I would like to compare two tables. One created by me where all possible table headers are collected in rows.
The second table is a random Excel data table loaded into the analytic platform.
I would like the program to compare Table 1 and Table 2 and recognize what data I am dealing with (using the header). Then send this data to another method of processing this data (depending on which data was read in)
Probably the main problem is that this data has a different number of columns and the header does not always have to be in the first row.
If I got it right you can simply use Reference Row Filter to leave only one row in collection header table. Before that prepare your random data.
Something like this:
In Reference Row Filter you can choose any column from collection header table. Assumption is that column names match. If that is not the case you should play regular expression…
Hi @Sebastian_Baran , in your actual data, will the column names always be completely different between the different table structures or will they actually have common column names?

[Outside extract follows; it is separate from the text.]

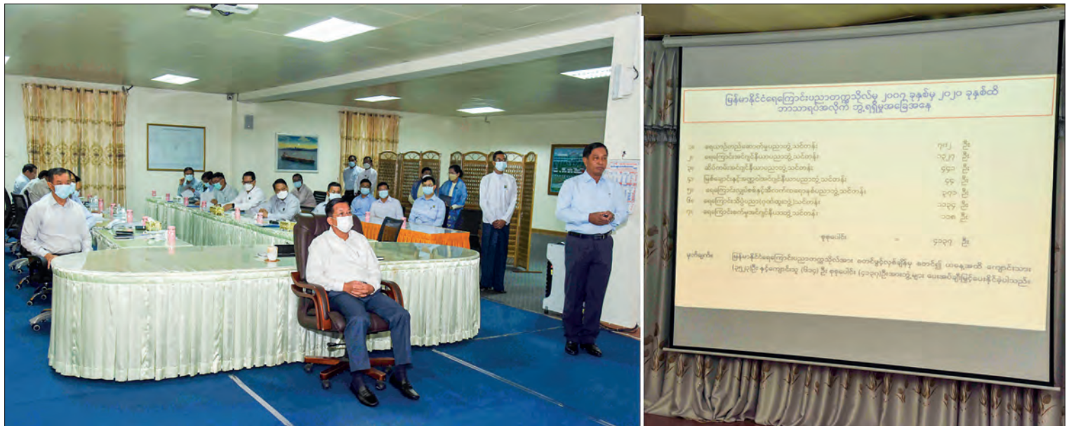
State Administration Council Chairman Prime Minister Senior General Min Aung Hlaing hears the report on the Myanmar Maritime University in Thanlyin Township of Yangon Region on 24 December 2021.

At the meeting hall, the Admiral and the rector reported to the Senior General on the background history of the university, implementation of the assigned

ie. In your “example” data, you have AAA1-, BBB1- and so on, but I’m assuming that real life isn’t so straightforward, and that your column name list could be more like:
Nr
Column 1
Column 2
Column 3
Column 4
Column 5
1
ID
Name
City
Town
2
ID
Department
Project
3
CODE
Name
Joining Date
Department
Project
4
Name
ID
Location
Grade
5
ID
Name
City
so that there are column names “in common”, and you’d need to match ALL column names (and in the right order??), rather than just the first column name, to be sure of which type of data was represented?
Exactly as you write. I get various data tables with different headers, but I know these headers. Now I would like to automatically, after recognizing the header from the list, pass this data to the appropriate method of processing this data (New Metanode).
Edit
Recognition from just one column is not enough. Some headings may be repeated in the same places and only matching the whole (all the headings from the columns) differentiate them from others.
Thanks for the confirmation @Sebastian_Baran. Here is a workflow that may be able to assist. Replace my “delimited text reader” components (which just enabled me to quickly paste in your example data) with your actual nodes representing data/excel files.
I have used KNIME 5.2.5 for this.
It should work with any KNIME 5.x version. If you are using KNIME 4.x, I’ll have to modify it (and have a small rethink), as you won’t have the Table Splitter node. The Table Splitter enables searching a specific column for a particular value, and then splitting the table at that point. This was useful for the “header” row matching.